Input data:
###

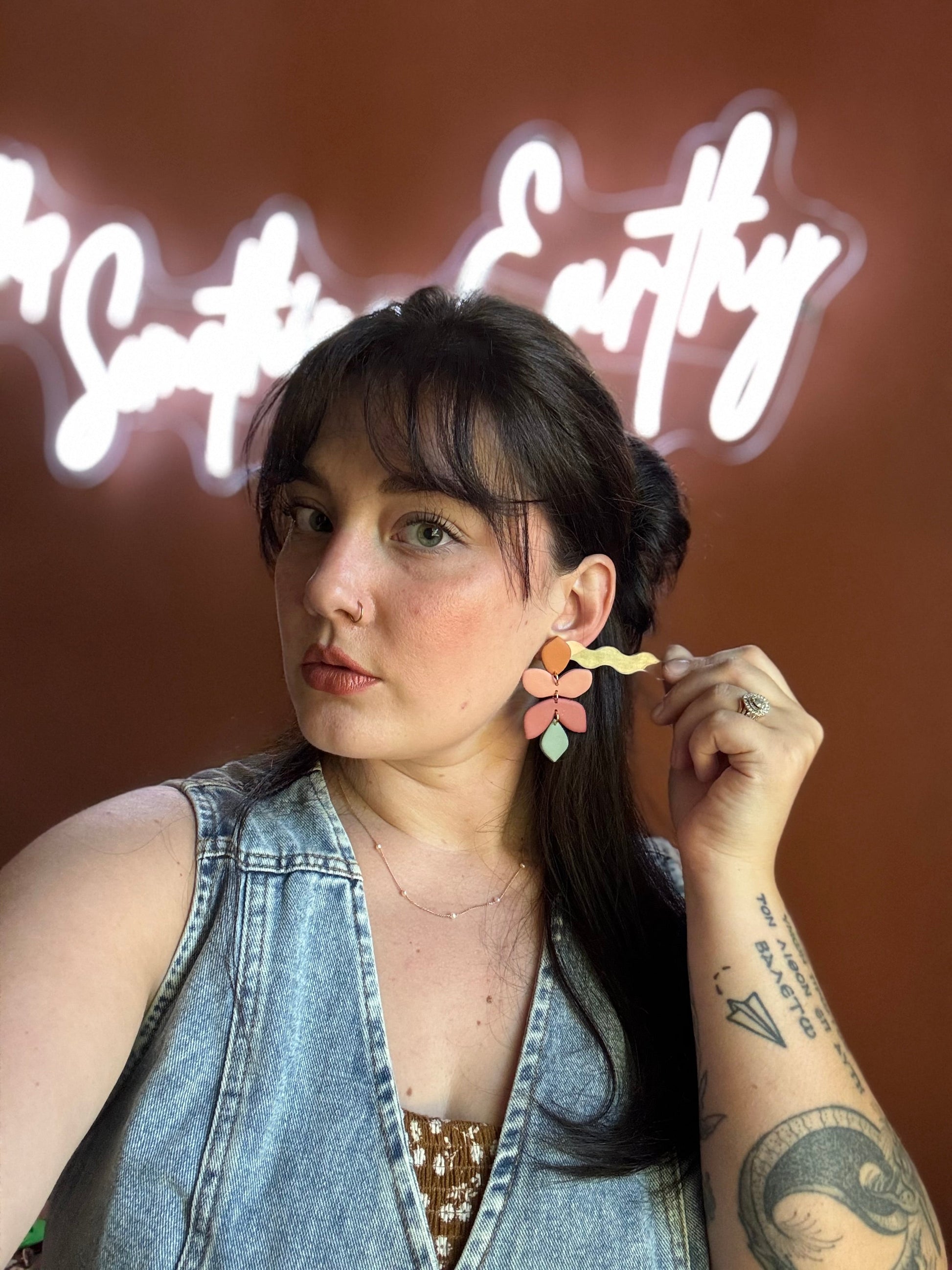 Earrings are made of polymer clay and hardware is surgical grade steel - nickel free. Each piece is rolled, cut, baked, sanded and assembled by hand, so sizes and custom-mixed colors will vary per piece. Due to the handmade nature of my pieces, slight imperfections are inevitable. Every piece is truly one of a kind.
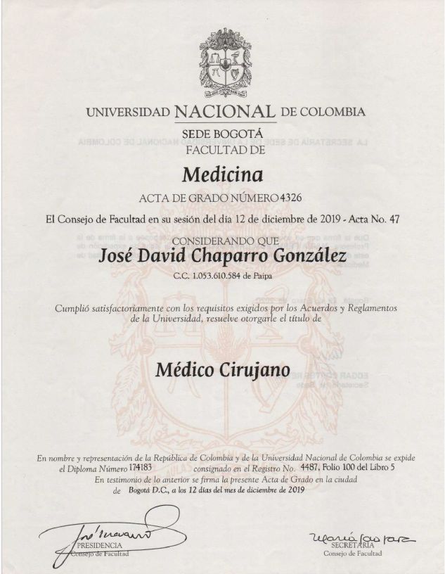 ¿Cómo puedo reservar una cita con Jose David Chaparro Gonzalez?El calendario que muestra Jose David Chaparro Gonzalez en Doctoralia está actualizado en tiempo real, por lo que solo tienes que elegir qué día y hora te convienen entre las disponibles. La reserva es gratuita y además recibes un recordatorio antes de la visita.
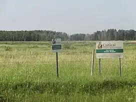 ![]() Signs identifying a section of the Tall Grass Prairie Preserve as critical habitat. | |

###

What the exercise asks:
The material above is to be transcribed exactly, with all pictures omitted.

Written answer:
 Earrings are made of polymer clay and hardware is surgical grade steel - nickel free. Each piece is rolled, cut, baked, sanded and assembled by hand, so sizes and custom-mixed colors will vary per piece. Due to the handmade nature of my pieces, slight imperfections are inevitable. Every piece is truly one of a kind.
 ¿Cómo puedo reservar una cita con Jose David Chaparro Gonzalez?El calendario que muestra Jose David Chaparro Gonzalez en Doctoralia está actualizado en tiempo real, por lo que solo tienes que elegir qué día y hora te convienen entre las disponibles. La reserva es gratuita y además recibes un recordatorio antes de la visita.
 ![]() Signs identifying a section of the Tall Grass Prairie Preserve as critical habitat. | |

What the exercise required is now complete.